More recently, single-cell sequencing methods to study aneuploidy have emerged (Fig. 2D,E). Although the advantage of surveying copy number changes across the entire chromosome complement is undeniable, these studies can lack power for accurate determination of CNA or aneuploidy when a limited number of cells are analyzed, usually 30-100, and from very few samples (McConnell et al., 2013; Knouse et al., 2014; Cai et al., 2014). Because single-cell isolation and library preparation costs limit the throughput, it is not yet practical or economic to match the number of cells that can be analyzed by iFISH, which can reach the order of thousands per sample. Most importantly, low-coverage single-cell whole-genome sequencing, commonly adopted to study aneuploidy and CNA, is also limited by the whole-genome amplification methods needed to prepare single-cell sequencing libraries. These limitations result in a global underestimation of aneuploidy, especially when it occurs as complex aneuploidy in a polyploid background (Andriani et al., 2019).
These technological issues may explain the wide range of somatic aneuploid frequencies reported for adult tissues. The brain, an organ of exceptional complexity, has been the focus of several studies to describe somatic mosaic changes of DNA content during development, aging and disease, but these ultimately reported highly discrepant findings. Some identified somatic aneuploidy with a frequency as high as 30% (Faggioli et al., 2012; Pack et al., 2005; Yurov et al., 2009; Iourov et al., 2009; Arendt et al., 2010; Fischer et al., 2012; McConnell et al., 2013; Rehen et al., 2001; Yang et al., 2003; Westra et al., 2008; Andriani et al., 2016b; Peterson et al., 2012), whereas others reported absence (van den Bos et al., 2016; Knouse et al., 2014) or extremely low levels (∼1%) (van den Bos et al., 2016; Knouse et al., 2014). Thus, there has been intense debate over the degree of aneuploidy in neurons and other brain cell types. Emerging methodologies and analytical tools for the detection of aneuploidy and large CNAs from single-cell RNA-sequencing data may resolve these differences in the future (Delaney, 2021). Given the different outcomes of FISH- and single-cell-sequencing-based approaches, arguments can be made that the true frequency of aneuploidy in the brain is ∼10% (Toda et al., 2019). Regardless of the exact frequency, aneuploidy could have a profound impact on brain physiology and functions, possibly with regional and cell-type-specific differences.
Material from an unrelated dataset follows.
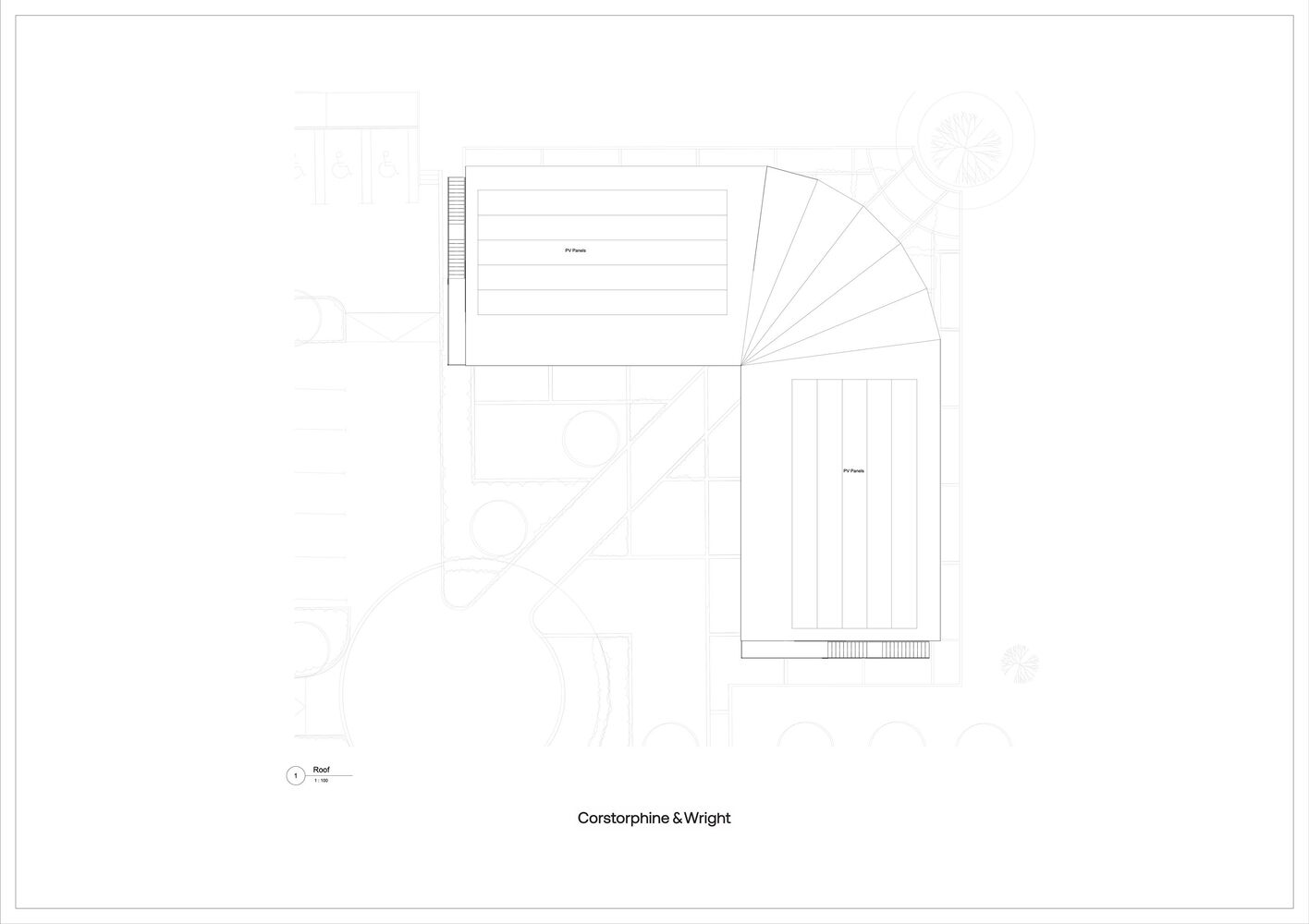 Renewable energy is central to the building's performance. Rooftop photovoltaic panels and an air-source heat pump allow the building to operate with a net-positive energy profile. This energy-conscious strategy extends to the interior design, where mechanical systems are minimized in favor of natural solutions wherever possible.

What are the main effects of aneuploidy?
Two main genetic consequences of aneuploidy are often discussed in the literature. One is that aneuploidy changes the relative copy number of genes on the affected chromosomes, for example proto-oncogenes and tumor suppressors, resulting in chromosome-specific effects on the affected cells (Padilla-Nash et al., 2013; Ried et al., 2012; Upender et al., 2004). This may be responsible, in part, for preferential chromosome gains and losses in cancer, which are, to some extent, tissue specific (Table 1). The second consequence, described in a seminal study in yeast, was that cells carrying extra copies of one or more chromosomes shared common phenotypes that were independent of the specific chromosome(s) affected, and that these phenotypes resemble a stress response (Torres et al., 2007a). These include reduced proliferation, reduced viability, and sensitivity to defects in protein synthesis and folding (Torres et al., 2007b; Terhorst et al., 2020). These cell responses have been attributed to the stress of stoichiometric mismatches between individual components of protein complexes. That is, because many cellular proteins function partly or entirely in complexes, mismatches in their expression levels due to differences in copy number of their respective genes are expected to yield orphan, unassembled proteins, which may either be degraded or participate in abnormal functions. The cumulative effect of hundreds of such mismatches in aneuploid cells is proposed to be the cause of the aforementioned aneuploidy stress. Importantly, in mammals, gene dose affects the expression of most genes (Upender et al., 2004; Mao et al., 2003), as was long ago recognized for lower organisms (Ciferri et al., 1969; Lucchesi and Rawls, 1973), even though protein expression levels may be compensated more than mRNA expression levels (Stingele et al., 2012; Schukken and Sheltzer, 2022). This means that aneuploidy potentially results in genetic variation, as well as a proteotoxic and metabolic stress common to all aneuploidies (Santaguida and Amon, 2015; Santaguida et al., 2017; Santaguida et al., 2015).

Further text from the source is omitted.